E la strage poteva registrare un bilancio ancor più grave: la polizia ha trovato nell'edificio tre ordigni esoplosivi artigianali interconnessi tra loro e azionabili a distanza. "È il peggior omicidio di massa negli Stati Uniti da tre anni a questa parte", ha detto il capo della polizia locale Jarrod Burguan, in una conferenza stampa. 

Nell'abitazione della coppia - Syed Farook (28 anni) e la moglie Tashfeen Malik (27 anni) - che ha organizzato l'assalto, in cui sono anche rimaste ferite 21 persone, c'era un vero e proprio arsenale. I due, all'interno della casa in cui vivevano in affitto con la figlia di soli sei mesi, avevano 12 bombe artigianali, oltre 5.000 munizioni e centinaia di caricatori. Marito e moglie nel corso della strage hanno usato due pistole e due fucili acquistati legalmente. Con queste armi hanno esploso tra i 65 e i 75 colpi all'interno dell'auditorium dove si stava svolgendo una festa tra colleghi in vista delle vacanze di Natale. 1.600 proiettili sono stati trovati indosso alla coppia e nella loro auto, un Suv nero sul quale hanno cercato di fuggire. Gli agenti invece hanno sparato oltre 380 colpi nello scontro a fuoco in cui i due sospetti sono stati uccisi. 

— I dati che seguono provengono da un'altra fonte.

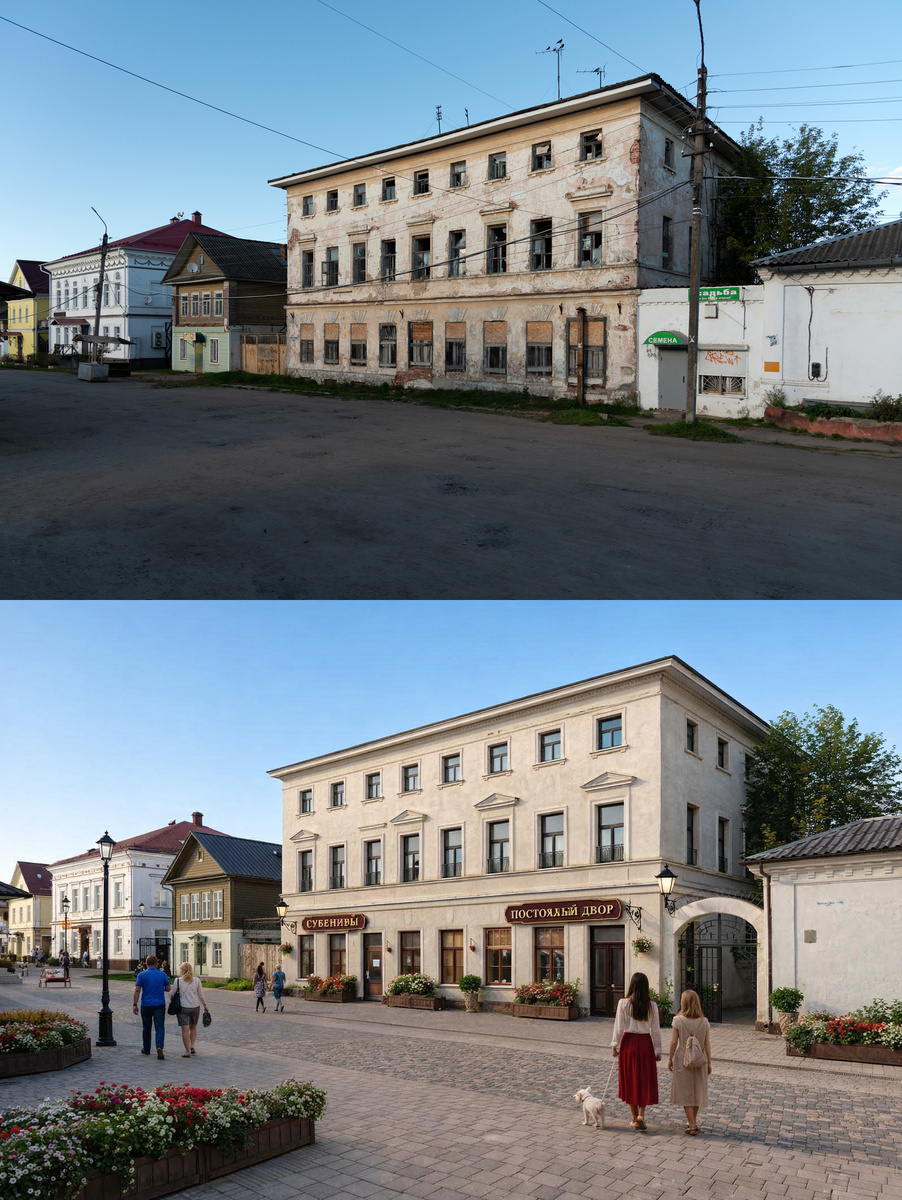 Снимки представлены в формате было/стало: сверху – реальная фотография, снизу – изображенние, сгенерированное на ее основе с помощью ИИ. Генерация изображений отреставрированных зданий была выполнена с помощью сервиса Syntx AI. Все фотографии были сделаны мной за последние несколько лет.

Intanto l'Fbi non si è ancora sbilanciato nel definire il caso un atto di terrorismo, sostenendo che sarebbe irresponsabile a questo punto delle indagini. Ma alcune fonti di polizia sostengono, secondo quanto riporta la Cnn, che uno dei presunti autori della strage si era radicalizzato e aveva contatti con sospetti jihadisti fuori dagli Stati Uniti. Il New York Times spiega che alla base del sospetto di atto terroristico ci sono l'arsenale che era in possesso dei due, i loro recenti viaggi in Medioriente e i contatti di uno dei due con estremisti islamici.